For federal pleading purposes, courts will not infer bad faith based on coverage denial, standing alone. New Jersey Federal Judge Hayden found that, “plaintiff has not provided sufficient factual allegations to suggest that [the insurer] had an ‘ill motive’ or lacked a ‘reasonable basis’ to deny coverage.”

The following allegations against the insurer did not meet federal pleading standards to set out a plausible bad faith claim: “that it failed to provide him with periodic status reports, refused his request for an independent senior management review, and failed to pay the replacement costs for materials and labor—and further alleges that it ‘has generally acted in bad faith with this claim.’” Such allegations could not make out a plausible case for “’ill motive to frustrate’ plaintiff’s ability to reconstruct the premises or [that the insurer] otherwise acted in bad faith.”

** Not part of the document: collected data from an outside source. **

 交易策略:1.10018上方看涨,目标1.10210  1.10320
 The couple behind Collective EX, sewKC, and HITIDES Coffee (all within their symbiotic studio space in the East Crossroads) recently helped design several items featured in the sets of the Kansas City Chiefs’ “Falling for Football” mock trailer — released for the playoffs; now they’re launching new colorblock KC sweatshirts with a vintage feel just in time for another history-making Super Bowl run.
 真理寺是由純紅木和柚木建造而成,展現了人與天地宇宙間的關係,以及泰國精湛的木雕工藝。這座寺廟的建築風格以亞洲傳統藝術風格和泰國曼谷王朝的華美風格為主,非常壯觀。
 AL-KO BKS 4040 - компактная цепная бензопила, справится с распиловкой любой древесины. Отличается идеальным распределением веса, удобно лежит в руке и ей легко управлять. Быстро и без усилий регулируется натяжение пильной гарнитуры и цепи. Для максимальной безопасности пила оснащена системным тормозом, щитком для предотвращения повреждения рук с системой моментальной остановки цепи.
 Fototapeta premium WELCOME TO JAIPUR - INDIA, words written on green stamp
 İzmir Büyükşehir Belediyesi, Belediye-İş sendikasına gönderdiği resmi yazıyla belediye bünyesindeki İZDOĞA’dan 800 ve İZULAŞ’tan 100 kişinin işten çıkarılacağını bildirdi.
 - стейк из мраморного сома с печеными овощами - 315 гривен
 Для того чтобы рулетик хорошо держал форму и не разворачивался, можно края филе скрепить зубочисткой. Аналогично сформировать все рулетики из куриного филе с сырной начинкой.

The court then added “[e]ven if plaintiff had adequately pled an implied covenant/bad faith cause of action, his claim would be dismissed as duplicative of his breach of contract action. It is well settled that ‘[w]here a party has breached a specific term of a contract, that party cannot be found separately liable for breaching the implied covenant of good faith and fair dealing ‘when the two asserted breaches basically rest on the same conduct.’” Thus, “[w]here breach of the implied covenant of good faith and fair dealing claims lack a distinct factual predicate, courts may dismiss them at the motion to dismiss stage.”

No Breach of Fiduciary Duty Claim Stated

Judge Hayden agreed the insured failed to plead any facts establishing an independent basis for a fiduciary duty, and this claim too was a mere attempt to bootstrap a breach of contract claim into something more. “New Jersey federal and state courts have consistently held that a fiduciary duty ‘does not necessarily exist in a first-party [insurance] situation.’” “Rather, a claim for breach of fiduciary duty in the first-party insurance context is tantamount to a claim for breach of the implied covenant of good faith and fair dealing.”

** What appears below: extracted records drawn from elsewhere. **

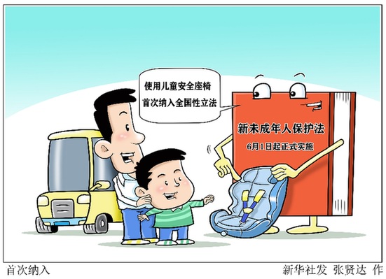 新修訂的《未成年人保護法》于今年6月1日起正式實施,明確提出未成年人的父母或者其他監(jiān)護人應當“采取配備兒童安全座椅、教育未成年人遵守交通規(guī)則等措施”,防止未成年人受到交通事故的傷害。
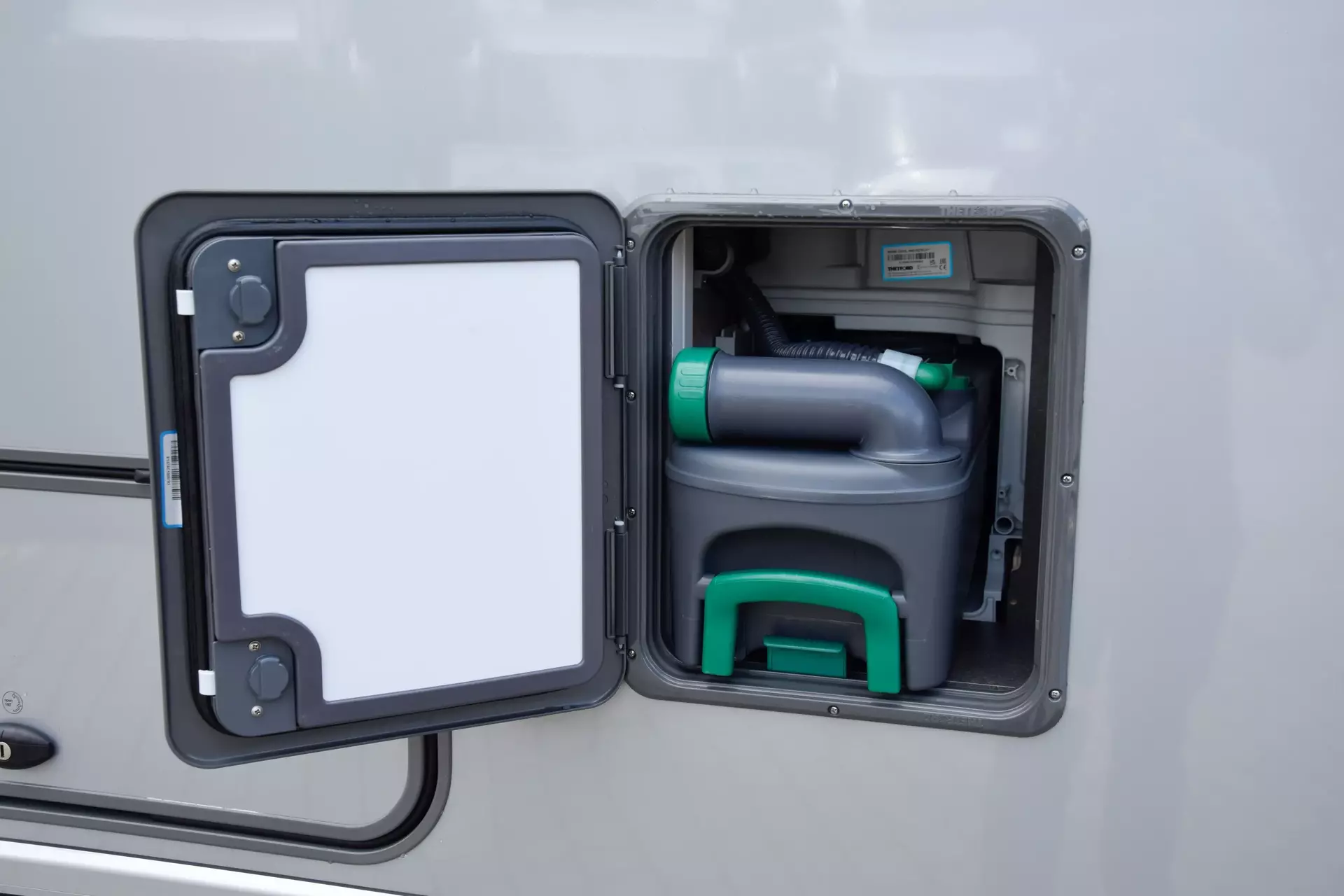- Komfort-Eingangstür mit Fenster, Verdunkelungsrollo, integriertem Mülleimer und 2-fach Verriegelung
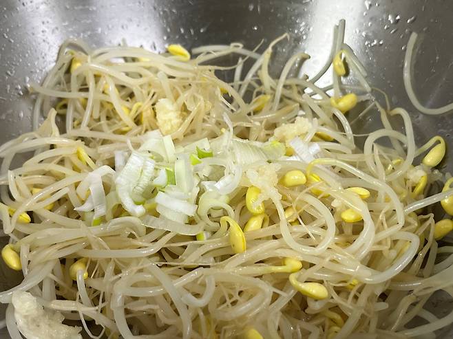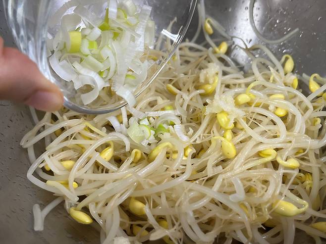 잘게 썬 대파도 넣으면 콩나물 무침이 더 향긋해집니다.

No Consumer Fraud Act Claim Stated

Judge Hayden observes, “it is well settled that ‘payment of insurance benefits is not subject to the [CFA].’ … Accordingly, courts analyzing CFA claims in the insurance context must distinguish between ‘claims that allege fraudulent performance by the insurer,’ which are covered by the CFA, and those that allege a mere ‘refusal to pay benefits,’ which are not covered.”

The present claim is premised on an alleged failure to properly and timely process the insured’s claim, “which, at its core, is a denial of benefits claim to which the CFA is inapplicable.” Any potentially colorable allegations that might fall within the CFA failed to meet Rule 9 pleading standards.  Thus, the CFA claim was dismissed.

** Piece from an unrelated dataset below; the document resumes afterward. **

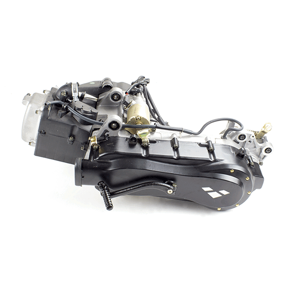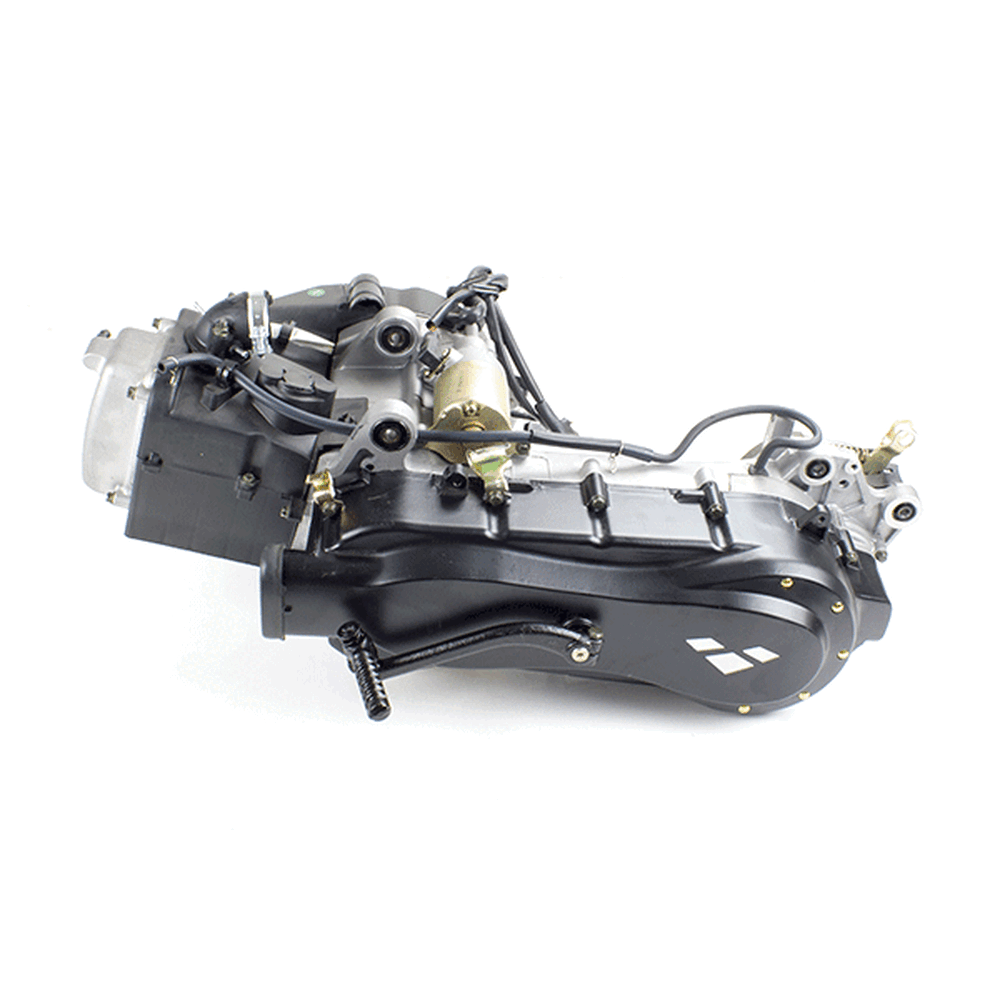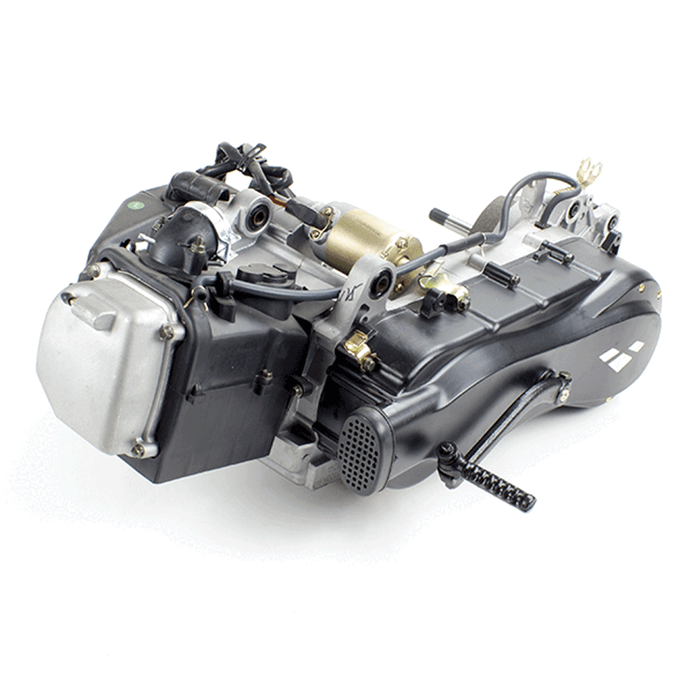 The complete engine in a motorcycle encompasses all internal and external components necessary for operation, including the engine block, cylinders, pistons, crankshaft, camshaft.

No Punitive Damages or Attorney’s Fees Permissible

Finally, the court observed that under New Jersey statutory law, punitive damages cannot be recovered for breach of an insurance contract alone.  Moreover, punitive damages are not available solely for insurance bad faith allegations, absent adequately pleading the kind of willful and wanton conduct that permits for punitive damages under the controlling statute.  No such pleadings existed in this case.

The court also dismissed the claim for attorney’s fees.  While the controlling court rule, 4:42-9, “provides that attorneys’ fees are available ‘[i]n an action upon a liability or indemnity policy of insurance, in favor of a successful claimant[,]’ [t]he comment to the Rule clarifies … that it ‘should not be extended, beyond its express terms, to permit a counsel fee award to be made to an insured who brings direct suit against his insurer to enforce casualty or other direct coverage.’” New Jersey’s federal courts “have consistently held that counsel fees are not recoverable in first-party insurance actions.” Since the insured sued the insurer for coverage, the insured is “plainly ineligible for counsel fees, and any demand for them must be dismissed with prejudice.”

Date of Decision:  December 22, 2021

Veyhl v. State Farm Fire and Casualty Company, U.S. District Court District of New Jersey No. 21CV10112KSHCLW, 2021 WL 6062304 (D.N.J. Dec. 22, 2021) (Hayden, J.)